Facebook also ruins lives by reminding you of things you hate. Like suggesting you be friends with that awful girl in high school who called you fat. It's all like, "Hey, do you know so-and-so?" And it's like, "Yeah, Facebook, I do, and you know what, I am not friends with her for a REASON. And now I am going to spend all day thinking about how she called me fat and hating myself. Thanks for nothing." Obviously, Facebook gives you PTSD, and, if you're like me, an eating disorder, because you will stop eating until you can't stand it anymore and then eat an entire gallon of cherry vanilla ice cream in one sitting as soon as you're alone.

The third, and really important, way Facebook ruins everything ever is that it tricks you into wasting hours of time reading the statuses of people you don't care about and then stalking friends of friends, who used to be your actual friends in real life, but then some minor disagreement happens and now you no longer talk and you have to go back through every single one of that back-stabbing asshole's statuses, laughing and making vicious and ruthless fun of him until you have completely justified the fact that you no longer talk to that person over what was a conversation about sushi when you said, "Yellowtail is the best sashimi" and he was like, "No way, salmon is" and now OMG he's using the English-to-French translator to post his statuses so everyone thinks he speaks French WHAT A DOUCHE LOLOLOLOL!!!! And poof, there just went 3 hours. Facebook: the biggest time suck of our generation.

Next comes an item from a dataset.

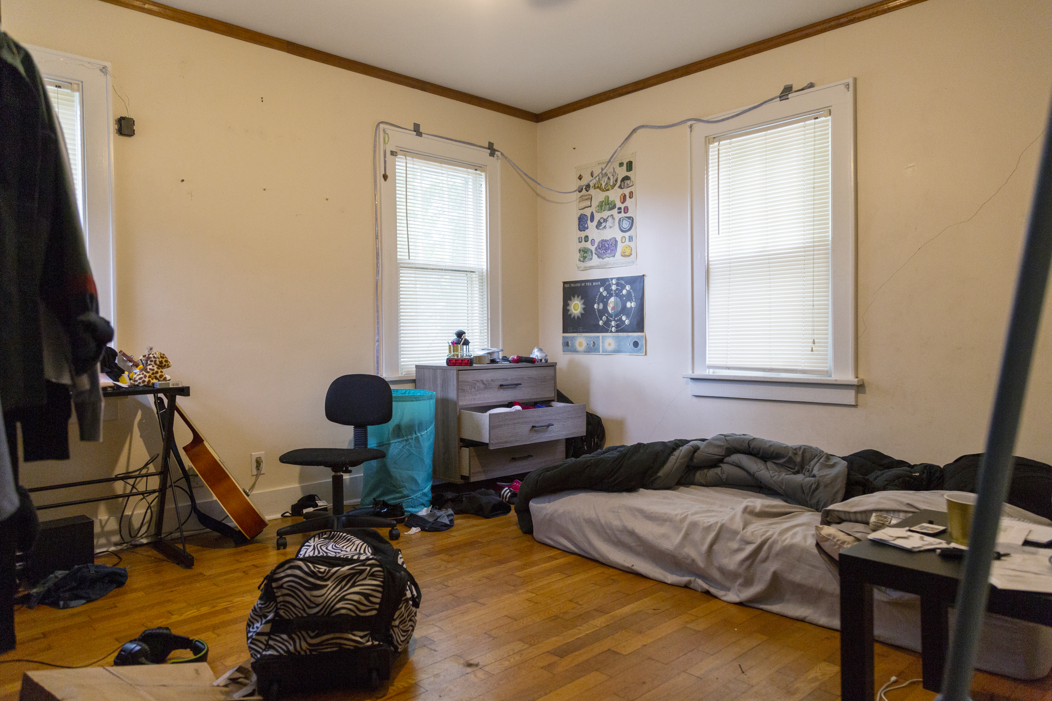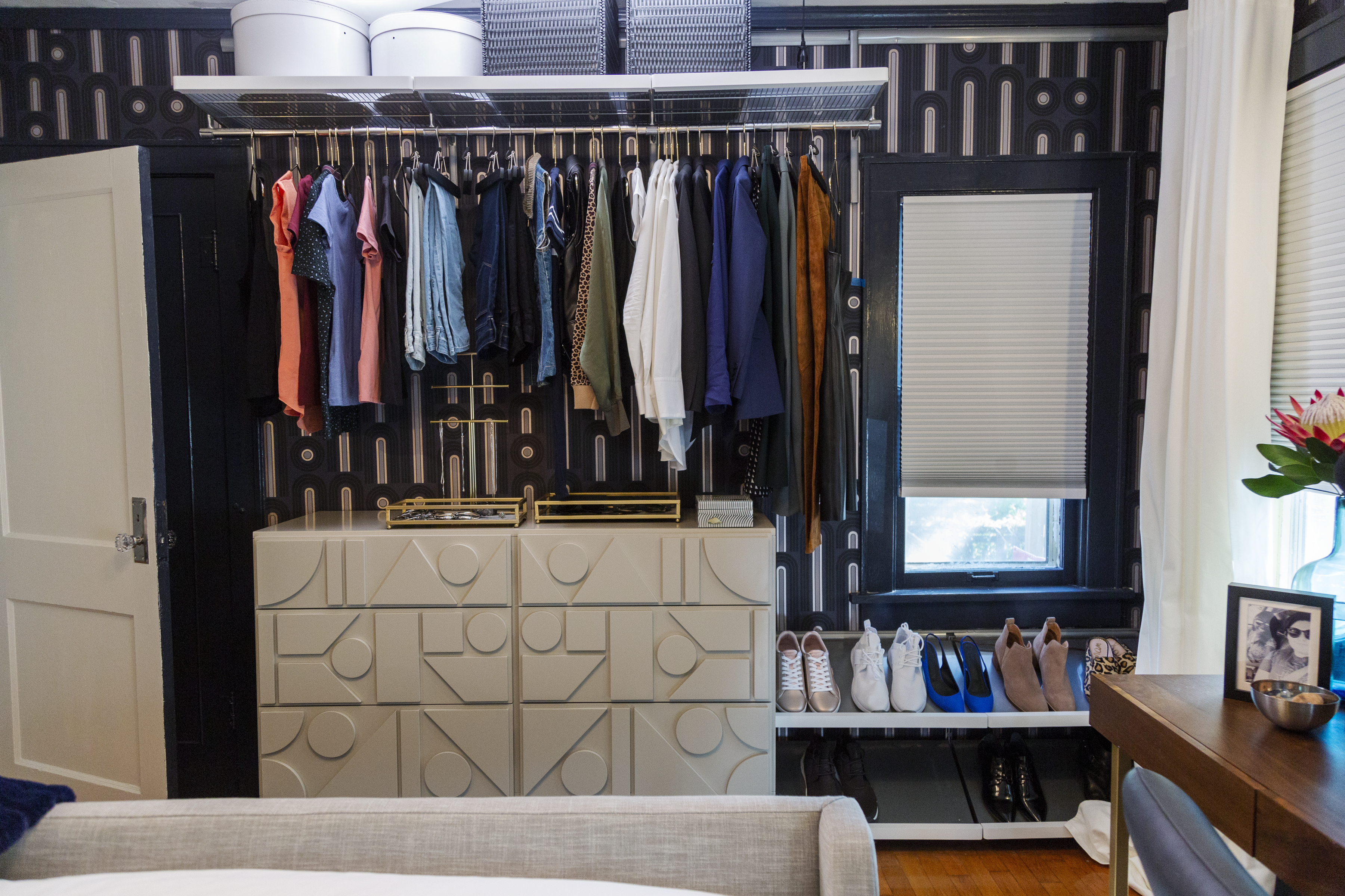 Without a built-in closet, Guilbeaux’s wardrobe ended up scattered in her room—until Berk devised a built-in system that keeps things neat and tiny. “IKEA is amazing for its closet systems, especially the ones that can be exposed if you don’t have an actual closet,” he explains.

So, Facebook and I broke up. And now I have this thing. I'm not totally sure what to do with it. I do know that the 250 character limit on Facebook doesn't always work for me. Obviously, I am way more longwinded than Facebook seems to think. But I have high hopes for our new relationship. I think I'll probably write more, about really important things, probably, like law school, and clothes, and cute things Mulder does. Really important things. I might as well have called this a manifesto, really, with the genius things I'll be churning out. You guys better be ready.

But right now, I'm gonna eat an ice cream sandwich and try to forget about how that bitch Audrey told me my legs were fat.